[Work to complete] Skipping all images, output the listing word for word.

[Source data]
=-=-=

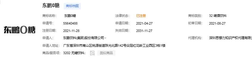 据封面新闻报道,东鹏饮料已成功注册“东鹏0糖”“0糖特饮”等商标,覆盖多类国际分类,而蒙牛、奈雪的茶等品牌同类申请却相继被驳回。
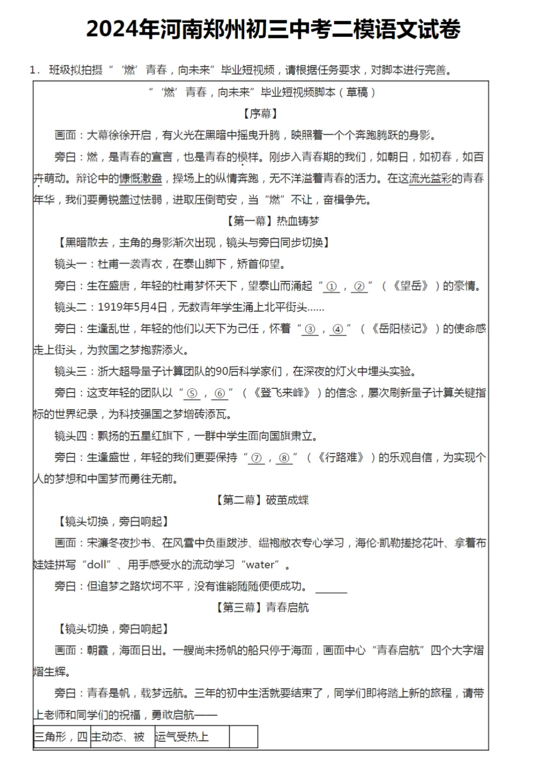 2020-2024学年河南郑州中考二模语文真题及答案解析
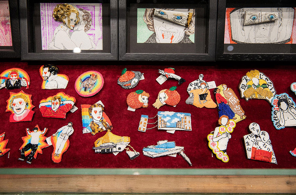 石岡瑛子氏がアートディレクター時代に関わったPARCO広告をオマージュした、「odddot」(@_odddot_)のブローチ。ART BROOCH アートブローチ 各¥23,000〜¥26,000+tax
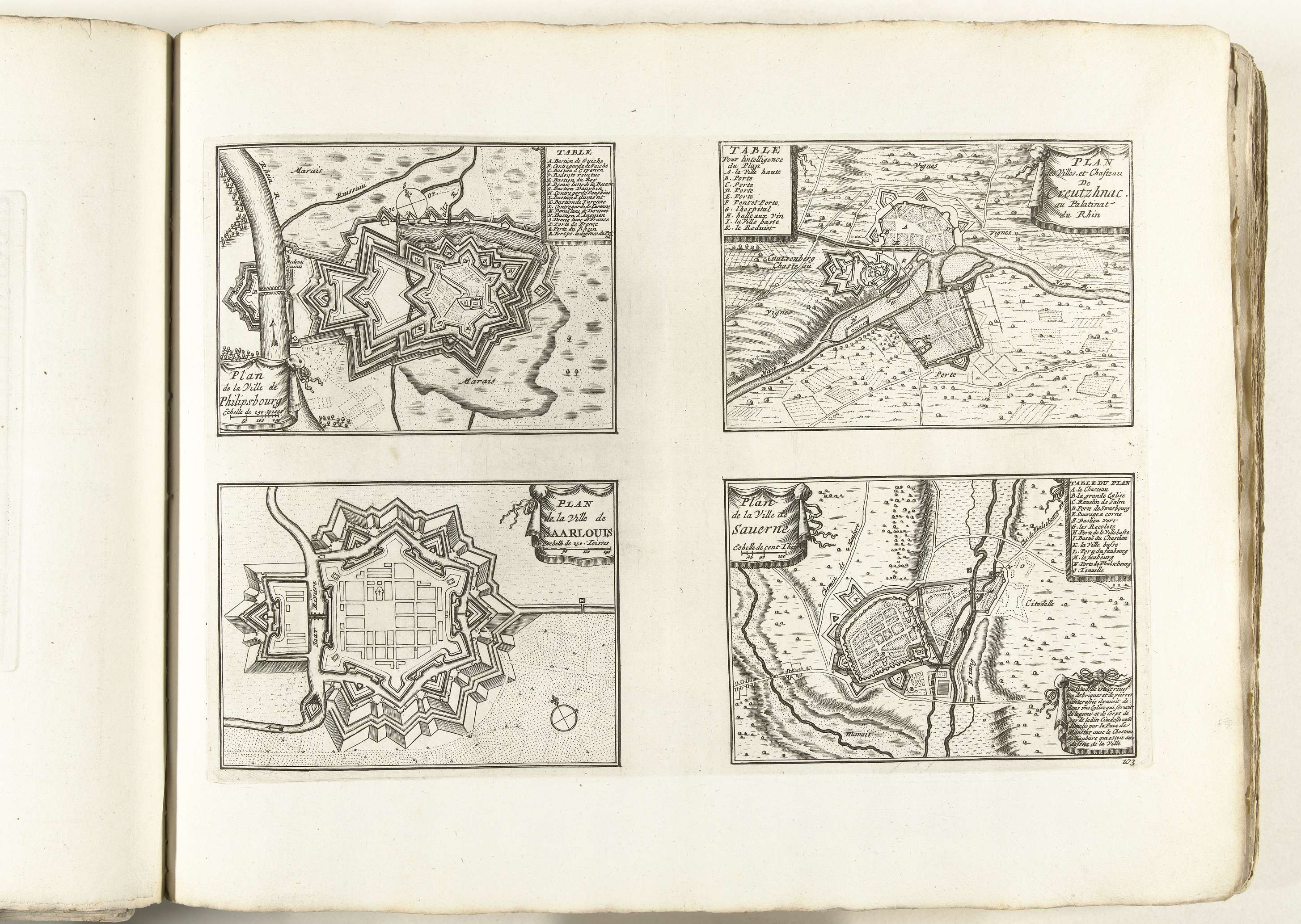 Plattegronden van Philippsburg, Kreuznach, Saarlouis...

=-=-=

[Your solution]
 据封面新闻报道,东鹏饮料已成功注册“东鹏0糖”“0糖特饮”等商标,覆盖多类国际分类,而蒙牛、奈雪的茶等品牌同类申请却相继被驳回。
 2020-2024学年河南郑州中考二模语文真题及答案解析
 石岡瑛子氏がアートディレクター時代に関わったPARCO広告をオマージュした、「odddot」(@_odddot_)のブローチ。ART BROOCH アートブローチ 各¥23,000〜¥26,000+tax
 Plattegronden van Philippsburg, Kreuznach, Saarlouis...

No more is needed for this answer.